Its like with RDR2 its fictional world looks like its made up of all over the USA according to the following page. (yet its only 29 miles square, if you took any part of the USA its not gonna vary as much as they used in their map)
https://www.shacknews.com/article/109148/where-does-red-dead-redemption-2-take-place
btw I thought the showcase of the cloud was crackdown 3?
https://www.eurogamer.net/articles/...-zone-what-happened-to-the-power-of-the-cloud
but seriously if you want a better showcase of the power of the cloud than flight simulation just choose practically any multiplayer game and even more so ones with persistent worlds, eg for MS a better example is minecraft
Real time real world data makes a game better or worse depending on the game. For Flight Simulator it's obviously a
huge win because it's a simulator based on the real world. It's most passionate fans (the ones that spend hundreds or thousands of USD on it) are actual pilots who want something that mirrors the real world as closely as possible. Everything form the flight model, to atmospherics, to geography. How much is simulation accuracy valued? Real world commercial pilots have been using it for decades as a way to keep their piloting skills sharp when now actually flying their routes as well as to familiarize themselves with new routes should they be required to start flying a different route than what they are currently flying.
However, if your gameplay is tied to in game weather, like for example some rare monster in an RPG that you're farming to get its rare drop only spawns during the night with an overcast sky and a full moon ... well, real time real world weather data being used probably isn't a great idea.

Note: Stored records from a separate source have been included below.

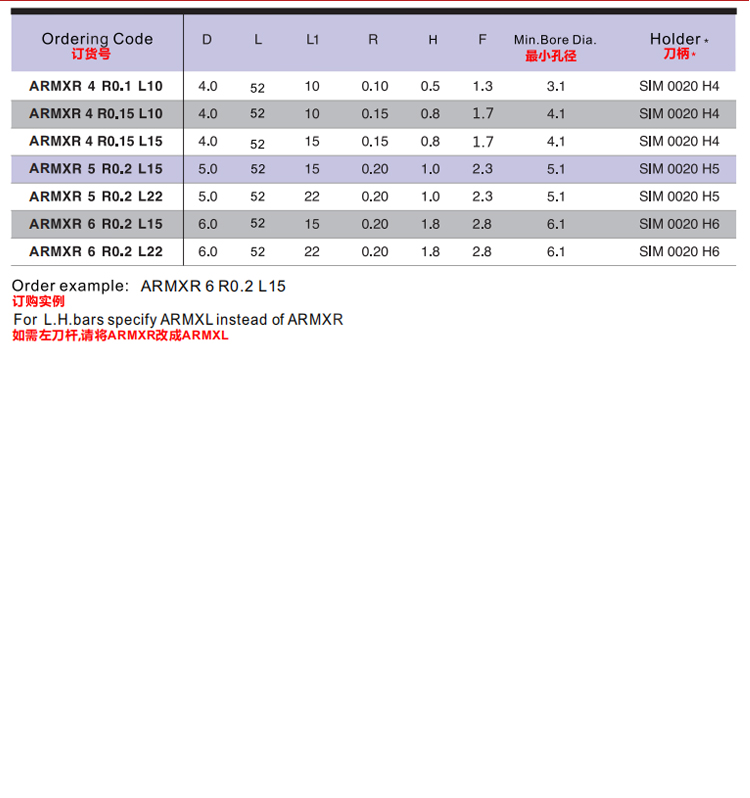 艾瑞德鏜孔刀 微型鏜刀/倒拉鏜削/車削內圓 帶內冷孔ARMXR系列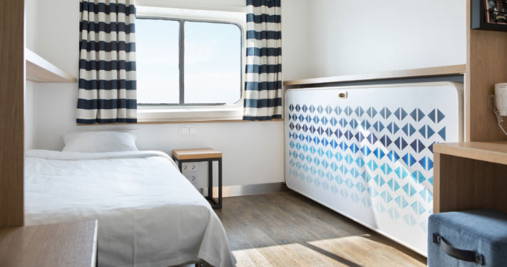A-hytt (11 m2) med havsutsikt. Hytterna har plats för upp till 4 personer och ligger på däck 5, 8, 9, 10 och 11. Tillgång till handikappanpassade och djurvänliga A-hytter finns.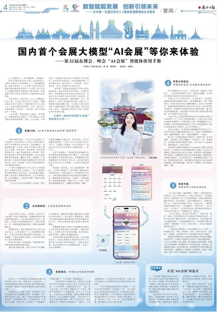 本屆東博會、峰會突出“讓人工智能成為辦會主角、企業成為參會主體”的特點,明確以建設中國—東盟人工智能創新合作中心為切入點,推動會展數字化轉型。由此,國內首個會展智能體“AI會展”上線運營,成為本屆盛會的一大亮點。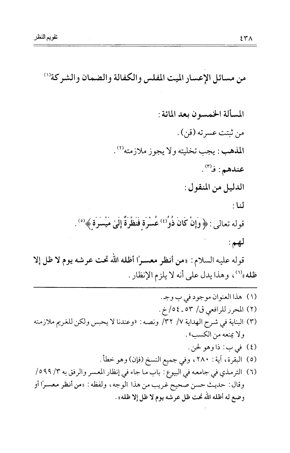 (من مسَائِل الْإِعْسَار الْمَيِّت الْمُفلس وَالْكَفَالَة وَالضَّمان وَالشَّرِكَة)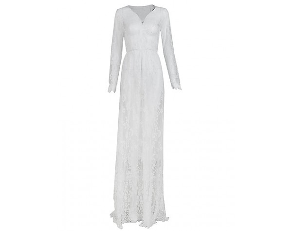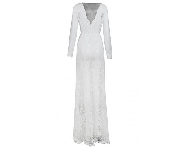 Women's sexy Perspective Deep V NeckLace SkirtLonguette (Lace/Polyester)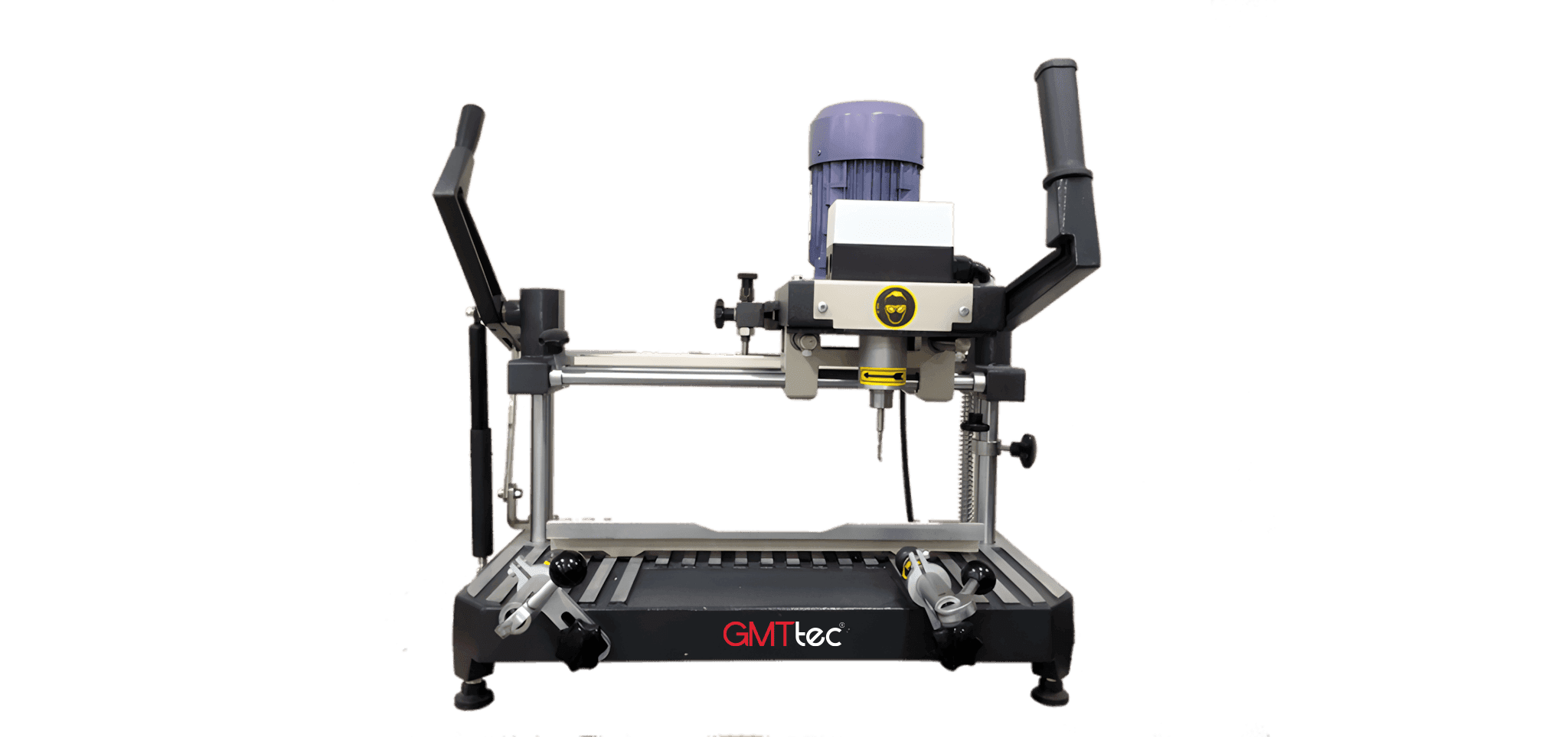 Portable copy routing system designed for lock, handle, and accessory slots in aluminum and PVC profiles.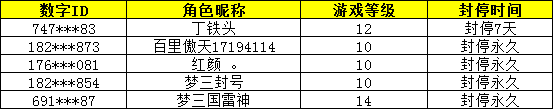 以下为本次部分惩罚名单,官方一如既往对游戏中的作弊行为进行严厉处理,并保留对第三方软件制作团队诉诸法律的权利,因此请大家远离第三方软件切勿以身试法,遵守公平竞技原则,共同维护和谐梦三!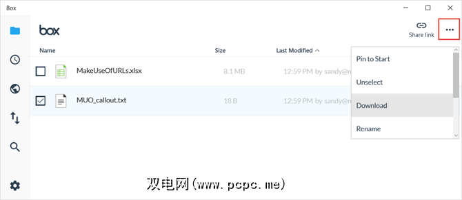 如果您是Box用户,则Windows应用程序提供的访问类型与Dropbox应用程序相同。您将看到您的文件夹和文档,最新项目,更新的文件以及传输。您还可以搜索方便的特定文件。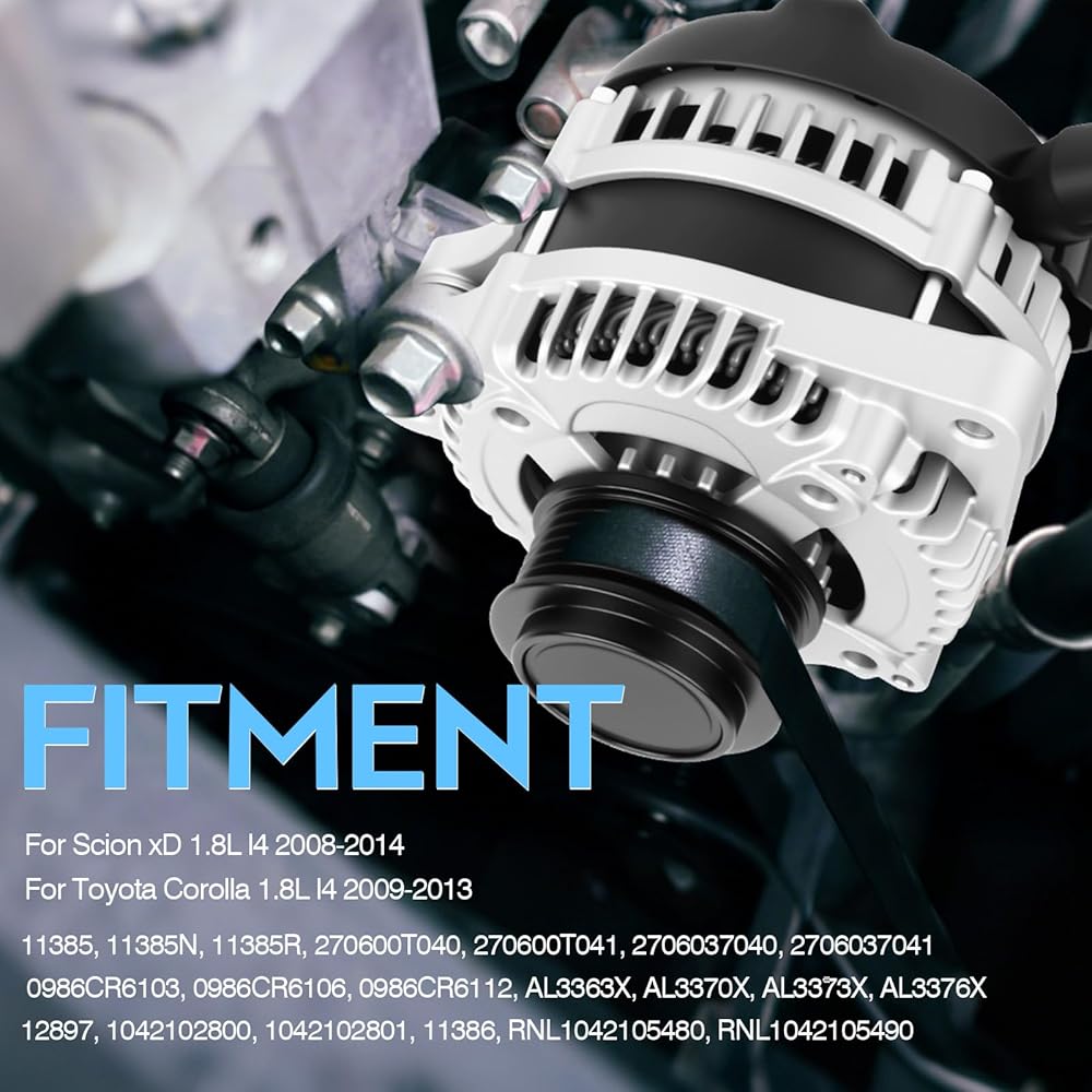 270600T040 Alternator for Scion xD 1.8L l4 2008-2014,for Toyota Corolla 1.8L l4 2009 2010 2011 2012 2013 High Output 100Amp Alternator 11385 11385N 11385R 270600T041 2706037040 2706037041 0986CR6103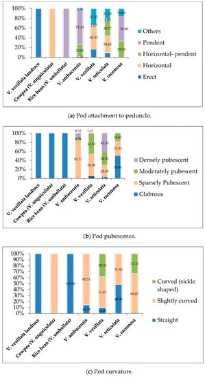 The stem pubescence trait also varied significantly among the wild accessions (Figure 4e). The V. vexillata landrace presented the glabrous variant of the trait, which matched with 15.00%, 17.31%, and 33% of V. vexillata, V. reticulata, and V. racemosa, respectively. The stem of rice bean presented the highly pubescent variant of the stem pubescent trait, as found in 33%, 18%, and 38% of V. ambacensis, V. vexillata, and V. reticulata, respectively. A moderately pubescent variant was found in 31%, 33%, 25%, and 17% of V. ambacensis, V. vexillata, V. reticulata, and V. racemosa, respectively. Finally, 50% of the V. racemosa accessions had the sparsely pubescent variant, while only 36%, 33%, and 19% of V. ambacensis, V. vexillata, and V. reticulata were found to have the same variant.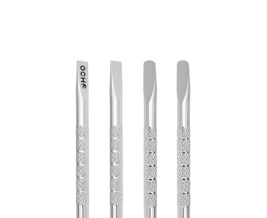 Ocho Pro Cuticle Pusher is perfectly suitable for manicure and pedicure. It is used to wipe the epidermis and to effectively move cuticles, pellets and any gel and acrylic residues from the nail plate.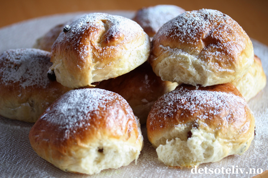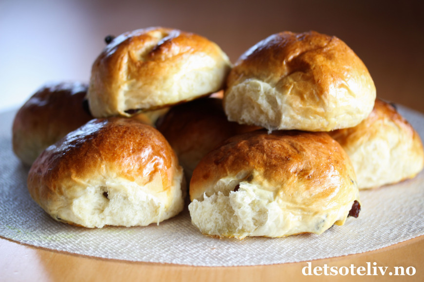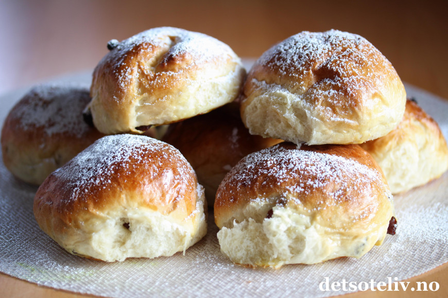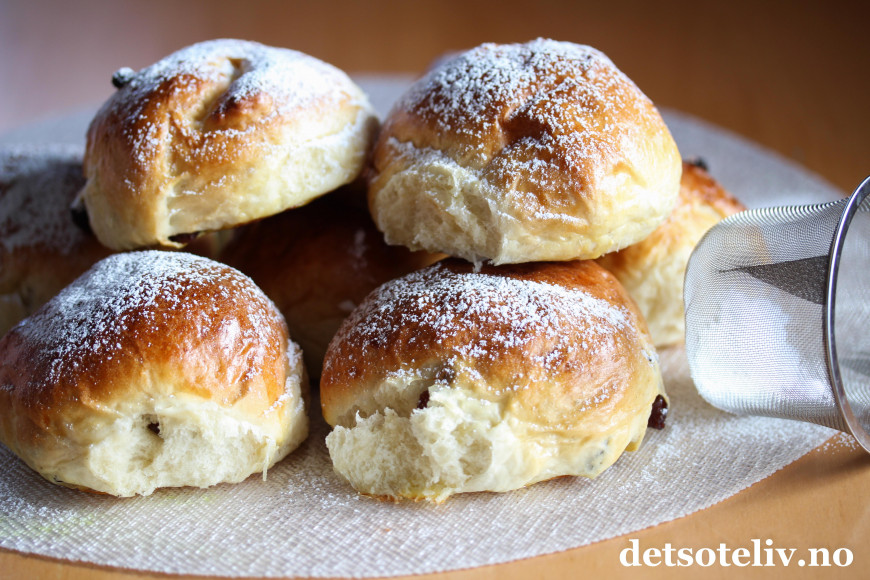 Denne gjærdeigen med tørrmelk kan brukes til alle typer gjærbakst. Jeg har her laget nydelige rosinboller med melisdryss. I morgen skal jeg vise deg hvordan jeg bruker samme deigen til å lage kjempedeilige boller med vaniljekrem og bær.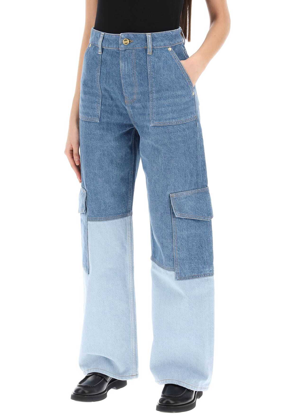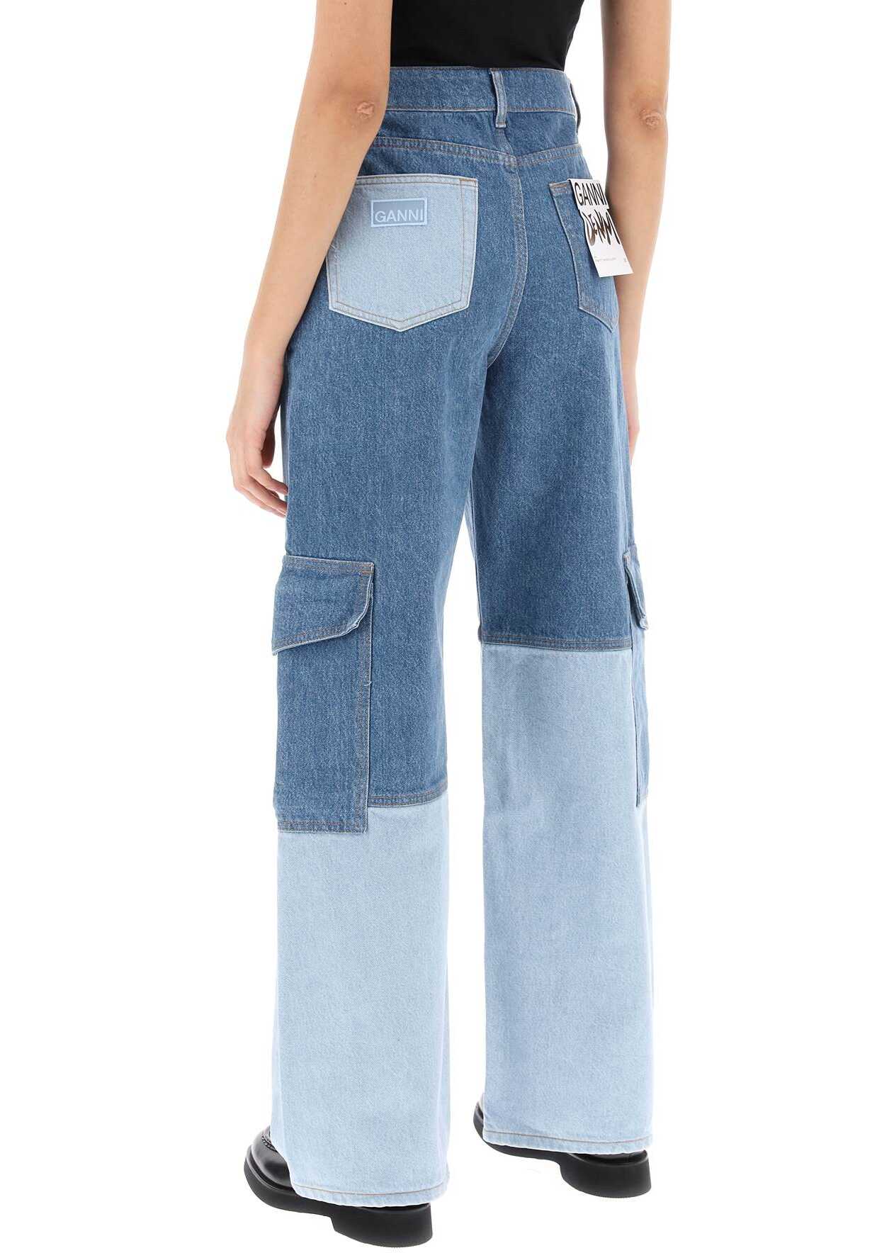 GANNI's Angi Jeans are made from two-tone organic cotton denim, featuring cargo pockets and a hidden zip and button closure. With a high waist and loose fit with straight leg, these jeans offer both style and comfort. The model is 177 cm tall and wears size 26.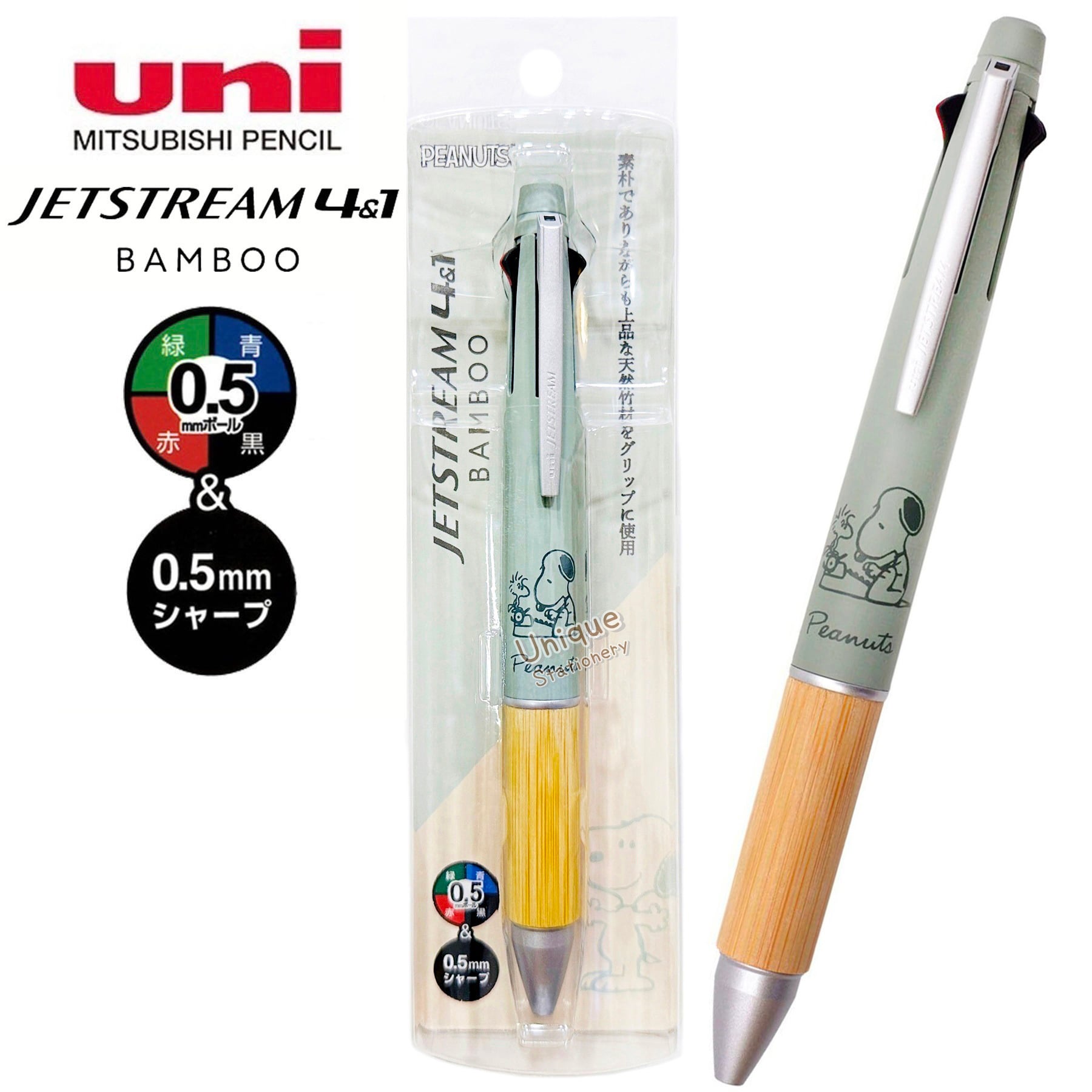 現貨|Snoopy 日本製 uni Jetstream 4&1 Bamboo 多功能 5用筆 0.5mm 4色原子筆 + 0.5mm 鉛芯筆 (304482)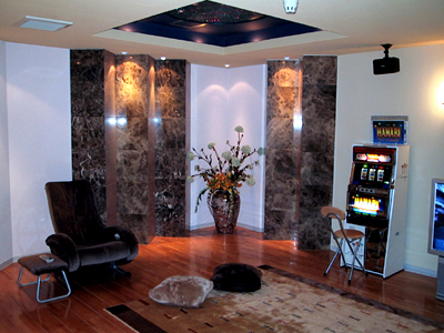 カ−ペットに横たわりながら、大型TVで映画鑑賞は

So, the value of real world data being incorporated into a game in real time will obviously depend on the game and what the game is attempting to achieve. Personally, I'd love it if a driving simulator used real world data incorporated in real time to model traffic and weather in the game. Obviously a more arcade oriented driving game wouldn't want to do that, but for a driving simulator I'd love it.
One of the things that has always been a bit off-putting for me in driving simulators was the arbitrary weather (when the game even bothered to present weather effects). Rain is often there for the entire race or not there. It would snow for the entire race or it wouldn't. The few attempts to vary conditions during a race always feel artificial and too abrupt. I'd love it if weather variability mirrored the real world. But then, I love accurate simulations more than arcade like facsimiles of a simulation. YMMV.
One area, I'd love to see advancement in is more work towards global physics simulations. Things that aren't directly player interactable, which would make them less latency sensitive. For example, pushing a box is directly player interactable, while setting a bomb on a structure and then triggering it remotely (either timed or via remote control) isn't. Combined with a shared world, this could be absolutely incredible. Going back to the driving simulator example, imagine crashing into a building and having accurate physics based destruction (generally too expensive on local machines) which is shared with everyone in that game world instance. Where doing something like this for an individual gamer in a solo instance could be considered too expensive, if it is instead shared with 20 or 100 gamers in a game world instance? The cost is then amortized/shared with a large number of gamers. I know crackdown was supposed to show things like this, but it wasn't quite there.
Hell, it's pretty incredible that a 12 year old game (Battlefield Bad Company) has more environmental destruction than almost any AAA game released since (lots of Indie games have that level of destruction or more). Despite having SIGNIFICANTLY more hardware power, the last generation of consoles regressed in so many areas WRT gameplay compared to the PS3/X360 generation. Prime example of prettier pixels being far more important in AAA games than actual gameplay affecting tech. /sad.